In this challenge we will work on the Pokemon dataset you have already used. The goal is to test whether different groups of pokemon (e.g. Legendary vs Normal, Generation 1 vs 2, single-type vs dual-type) have different stats (e.g. HP, Attack, Defense, etc.). Use pokemon.csv

In [94]:
# Your code here:
pokemon = pd.read_csv('pokemon.txt')
pokemon = pokemon.reset_index(drop=True)
pokemon = pokemon.drop(['#'], axis=1)
display(pokemon.head(),pokemon.shape)

Unnamed: 0,Name,Type 1,Type 2,Total,HP,Attack,Defense,Sp. Atk,Sp. Def,Speed,Generation,Legendary
0,Bulbasaur,Grass,Poison,318,45,49,49,65,65,45,1,False
1,Ivysaur,Grass,Poison,405,60,62,63,80,80,60,1,False
2,Venusaur,Grass,Poison,525,80,82,83,100,100,80,1,False
3,VenusaurMega Venusaur,Grass,Poison,625,80,100,123,122,120,80,1,False
4,Charmander,Fire,,309,39,52,43,60,50,65,1,False


(800, 12)

**Our goal** is to see whether there is a significant difference between each Pokemon's defense and attack scores. **Our hypothesis is that the defense and attack scores are equal**. Compare the two columns to see if there is a statistically significant difference between them and comment your result.

#### First we want to define a function with which we can test the means of a feature set of two samples. 

In the next cell you'll see the annotations of the Python function that explains what this function does and its arguments and returned value.

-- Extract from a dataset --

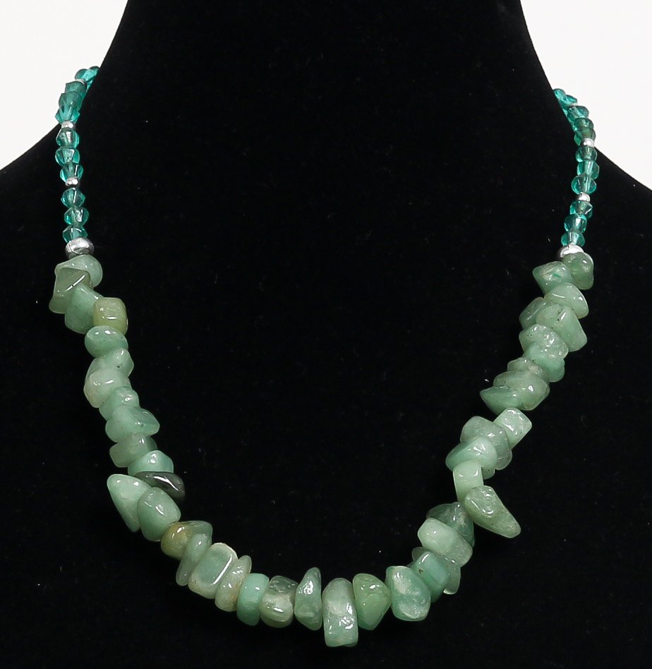 Collier ethnique artisanal imitation petites pierres vertes agrémentées de perles en métal et vertes - REF. 18969 (18.00 €)

This type of annotation is called **docstring** which is a convention used among Python developers. The docstring convention allows developers to write consistent tech documentations for their codes so that others can read. It also allows some websites to automatically parse the docstrings and display user-friendly documentations.

Follow the specifications of the docstring and complete the function.

In [95]:
from scipy.stats import ttest_ind

def t_test_features(s1, s2, features=['HP', 'Attack', 'Defense', 'Sp. Atk', 'Sp. Def', 'Speed', 'Total']):
    """
    Test the means of a feature set of two samples using a two-sample t-test
    
    Args:
        s1 (dataframe): sample 1
        s2 (dataframe): sample 2
        features (list): an array of features to test
    
    Returns:
        dict: a dictionary of t-test scores for each feature where the feature name is the key and the p-value is the value
    """
    
    # Calculate the t-test p-value for each feature in the feature list
    results = {}
    for feature in features:
        t, p = ttest_ind(s1[feature], s2[feature], equal_var=False) #st.ttest_ind?
        results[feature] = p
    
    # Return the dictionary of t-test p-values
    return results


#### Using the `t_test_features` function, conduct t-test for Lengendary vs non-Legendary pokemons.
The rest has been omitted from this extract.